**Exercise details**
Without including any images, repeat the listing below exactly.

**Given material**
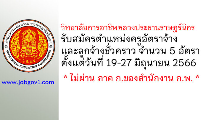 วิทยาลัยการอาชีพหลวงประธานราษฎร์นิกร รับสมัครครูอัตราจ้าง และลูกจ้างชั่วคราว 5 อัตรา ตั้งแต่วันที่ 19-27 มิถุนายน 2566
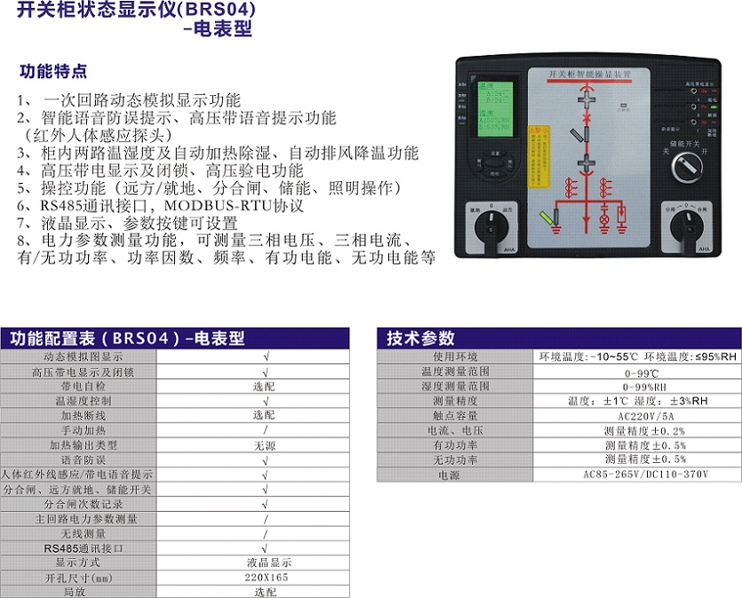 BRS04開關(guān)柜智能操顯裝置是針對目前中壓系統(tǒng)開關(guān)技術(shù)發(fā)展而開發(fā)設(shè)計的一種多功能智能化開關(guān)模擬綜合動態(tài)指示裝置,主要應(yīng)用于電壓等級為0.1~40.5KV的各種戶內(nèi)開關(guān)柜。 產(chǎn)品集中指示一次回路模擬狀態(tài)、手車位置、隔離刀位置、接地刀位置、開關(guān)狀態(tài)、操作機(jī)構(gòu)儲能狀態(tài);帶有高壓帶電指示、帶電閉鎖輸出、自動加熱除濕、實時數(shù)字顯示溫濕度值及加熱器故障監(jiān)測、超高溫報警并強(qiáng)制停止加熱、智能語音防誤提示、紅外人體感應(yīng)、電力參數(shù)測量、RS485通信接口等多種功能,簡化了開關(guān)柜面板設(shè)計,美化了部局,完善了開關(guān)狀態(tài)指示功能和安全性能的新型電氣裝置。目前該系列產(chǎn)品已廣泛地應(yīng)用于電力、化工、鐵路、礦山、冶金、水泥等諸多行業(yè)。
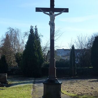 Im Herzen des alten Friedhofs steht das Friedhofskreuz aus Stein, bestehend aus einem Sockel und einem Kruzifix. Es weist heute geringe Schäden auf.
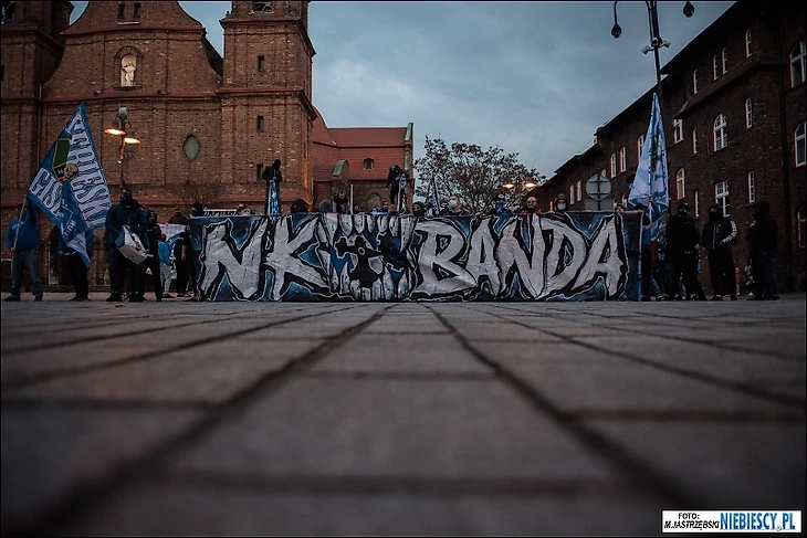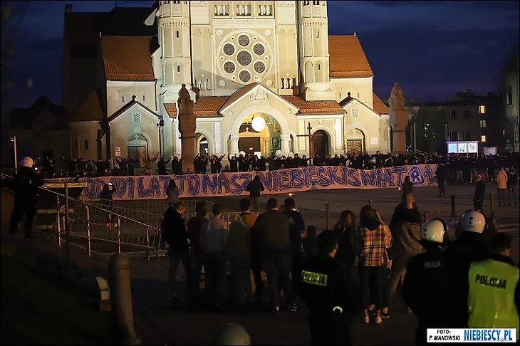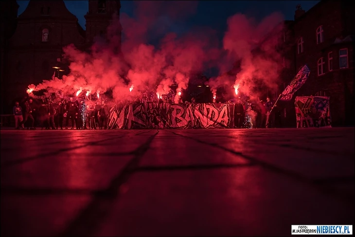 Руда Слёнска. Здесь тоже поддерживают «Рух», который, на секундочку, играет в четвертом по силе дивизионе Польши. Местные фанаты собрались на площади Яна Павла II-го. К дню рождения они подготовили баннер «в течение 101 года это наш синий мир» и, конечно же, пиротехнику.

**Response to this exercise**
 วิทยาลัยการอาชีพหลวงประธานราษฎร์นิกร รับสมัครครูอัตราจ้าง และลูกจ้างชั่วคราว 5 อัตรา ตั้งแต่วันที่ 19-27 มิถุนายน 2566
 BRS04開關(guān)柜智能操顯裝置是針對目前中壓系統(tǒng)開關(guān)技術(shù)發(fā)展而開發(fā)設(shè)計的一種多功能智能化開關(guān)模擬綜合動態(tài)指示裝置,主要應(yīng)用于電壓等級為0.1~40.5KV的各種戶內(nèi)開關(guān)柜。 產(chǎn)品集中指示一次回路模擬狀態(tài)、手車位置、隔離刀位置、接地刀位置、開關(guān)狀態(tài)、操作機(jī)構(gòu)儲能狀態(tài);帶有高壓帶電指示、帶電閉鎖輸出、自動加熱除濕、實時數(shù)字顯示溫濕度值及加熱器故障監(jiān)測、超高溫報警并強(qiáng)制停止加熱、智能語音防誤提示、紅外人體感應(yīng)、電力參數(shù)測量、RS485通信接口等多種功能,簡化了開關(guān)柜面板設(shè)計,美化了部局,完善了開關(guān)狀態(tài)指示功能和安全性能的新型電氣裝置。目前該系列產(chǎn)品已廣泛地應(yīng)用于電力、化工、鐵路、礦山、冶金、水泥等諸多行業(yè)。
 Im Herzen des alten Friedhofs steht das Friedhofskreuz aus Stein, bestehend aus einem Sockel und einem Kruzifix. Es weist heute geringe Schäden auf.
 Руда Слёнска. Здесь тоже поддерживают «Рух», который, на секундочку, играет в четвертом по силе дивизионе Польши. Местные фанаты собрались на площади Яна Павла II-го. К дню рождения они подготовили баннер «в течение 101 года это наш синий мир» и, конечно же, пиротехнику.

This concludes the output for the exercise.